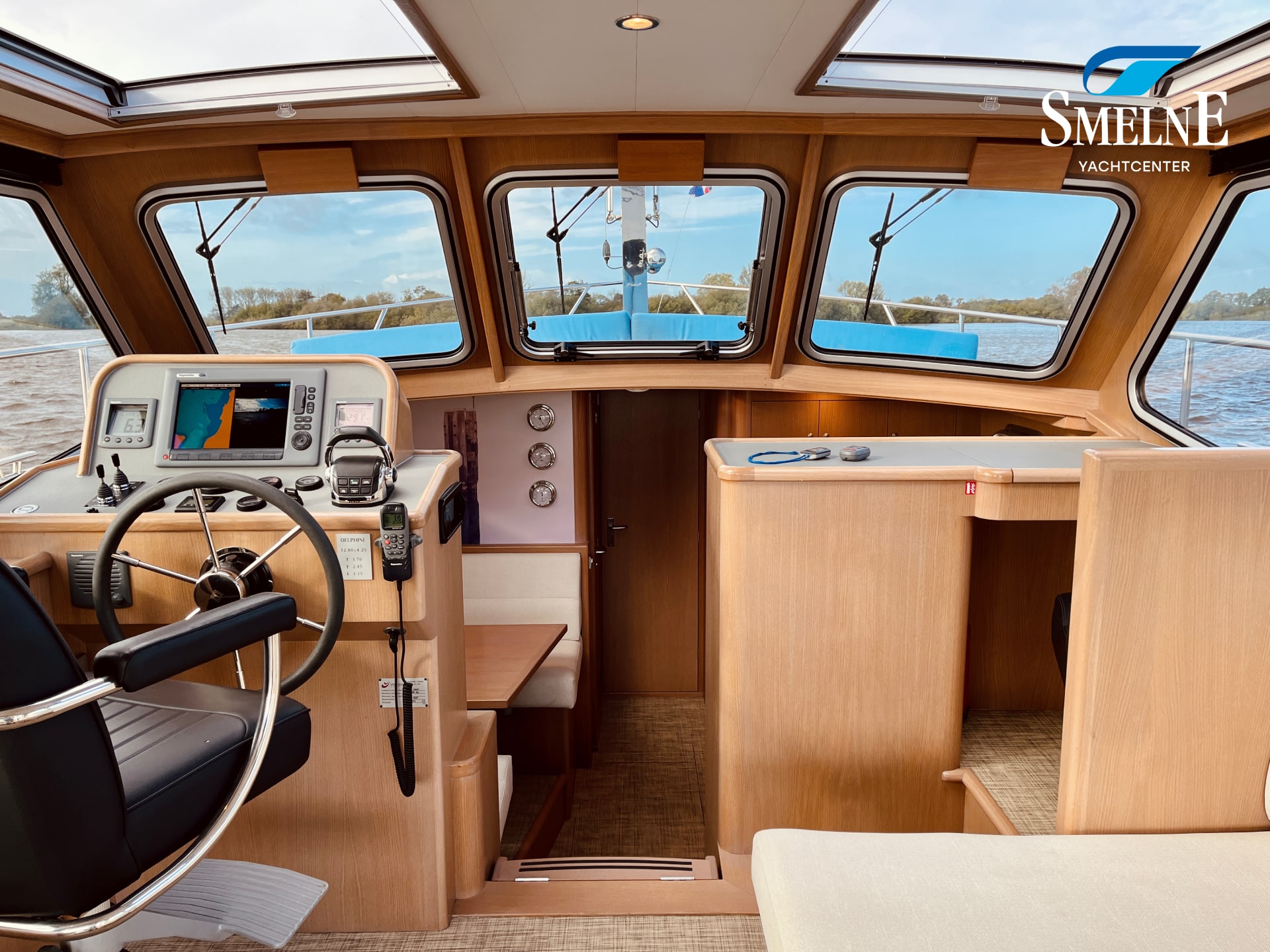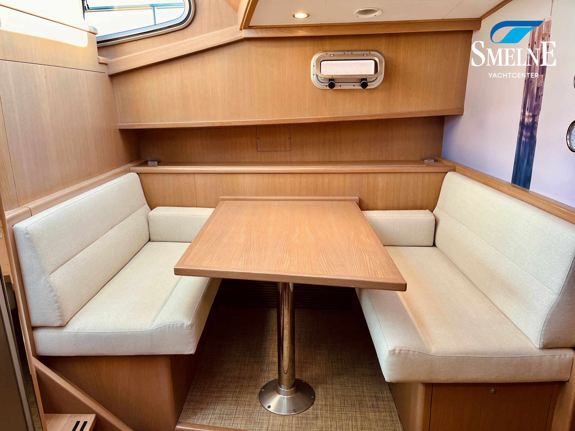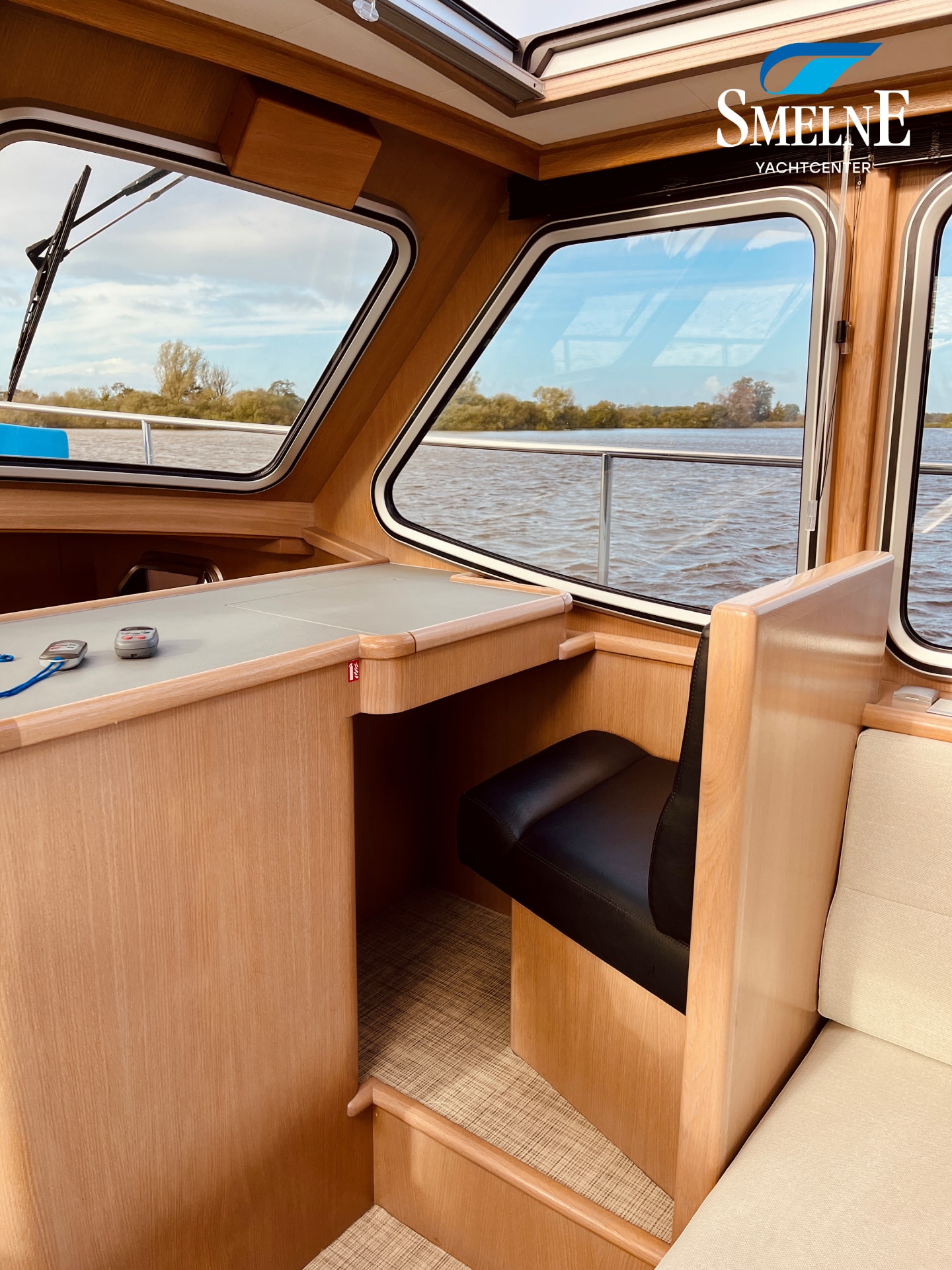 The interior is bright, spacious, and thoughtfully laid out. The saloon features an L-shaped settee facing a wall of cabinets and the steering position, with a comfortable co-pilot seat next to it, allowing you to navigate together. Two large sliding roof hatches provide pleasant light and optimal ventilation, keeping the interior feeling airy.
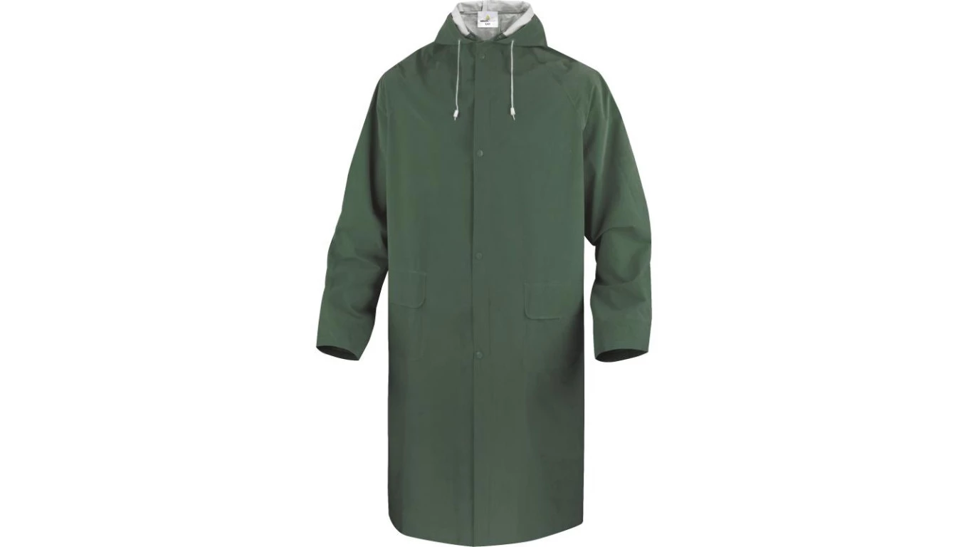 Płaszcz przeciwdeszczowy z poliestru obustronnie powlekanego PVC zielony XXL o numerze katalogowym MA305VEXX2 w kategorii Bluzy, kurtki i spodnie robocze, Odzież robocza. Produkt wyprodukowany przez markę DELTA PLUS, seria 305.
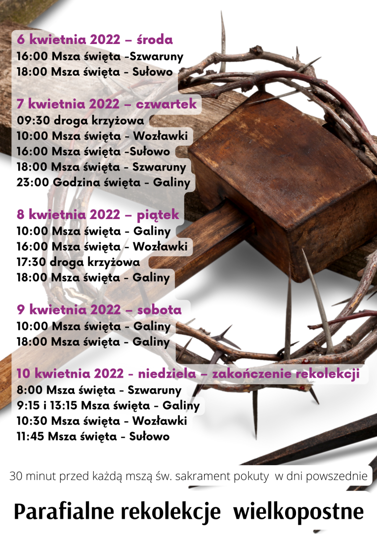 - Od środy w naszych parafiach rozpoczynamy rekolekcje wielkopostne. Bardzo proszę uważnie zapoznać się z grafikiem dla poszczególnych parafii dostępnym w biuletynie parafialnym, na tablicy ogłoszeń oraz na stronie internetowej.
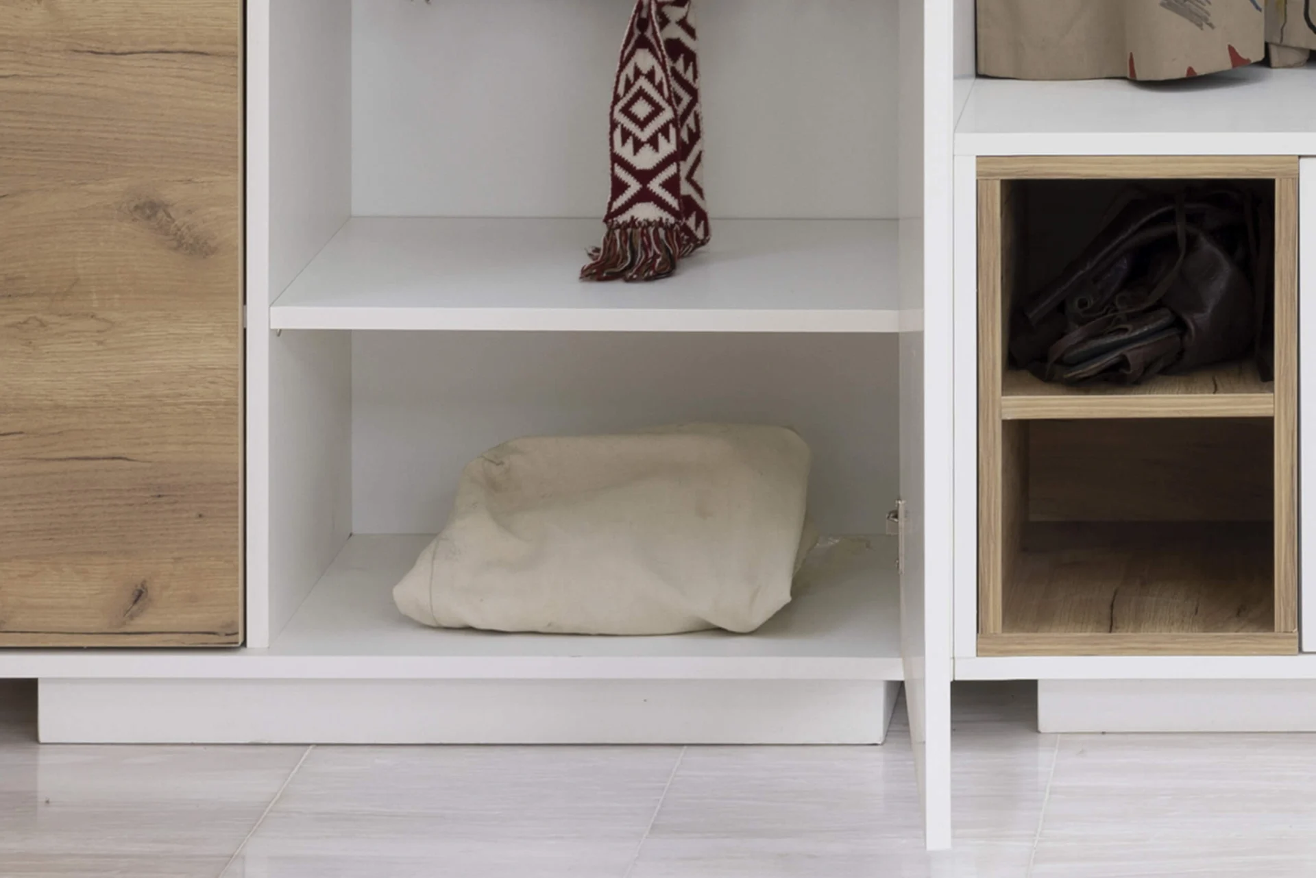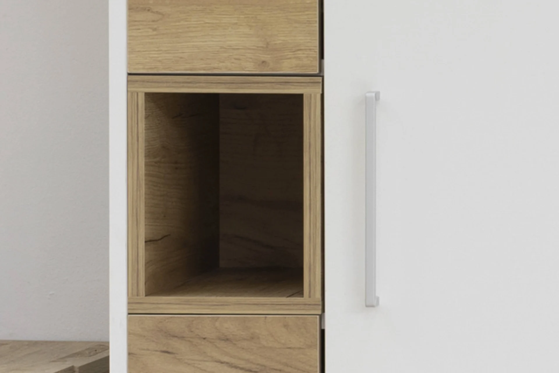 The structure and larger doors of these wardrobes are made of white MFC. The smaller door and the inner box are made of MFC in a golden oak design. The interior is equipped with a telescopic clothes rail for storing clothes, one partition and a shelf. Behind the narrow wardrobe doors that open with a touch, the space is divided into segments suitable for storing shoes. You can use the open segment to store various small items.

- Exercise
Copy word for word every line from the one holding "Płaszcz przeciwdeszczowy z" to the end of the listing, both ends included, but do not copy any pictures.

- Answer for this exercise
 Płaszcz przeciwdeszczowy z poliestru obustronnie powlekanego PVC zielony XXL o numerze katalogowym MA305VEXX2 w kategorii Bluzy, kurtki i spodnie robocze, Odzież robocza. Produkt wyprodukowany przez markę DELTA PLUS, seria 305.
 - Od środy w naszych parafiach rozpoczynamy rekolekcje wielkopostne. Bardzo proszę uważnie zapoznać się z grafikiem dla poszczególnych parafii dostępnym w biuletynie parafialnym, na tablicy ogłoszeń oraz na stronie internetowej.
 The structure and larger doors of these wardrobes are made of white MFC. The smaller door and the inner box are made of MFC in a golden oak design. The interior is equipped with a telescopic clothes rail for storing clothes, one partition and a shelf. Behind the narrow wardrobe doors that open with a touch, the space is divided into segments suitable for storing shoes. You can use the open segment to store various small items.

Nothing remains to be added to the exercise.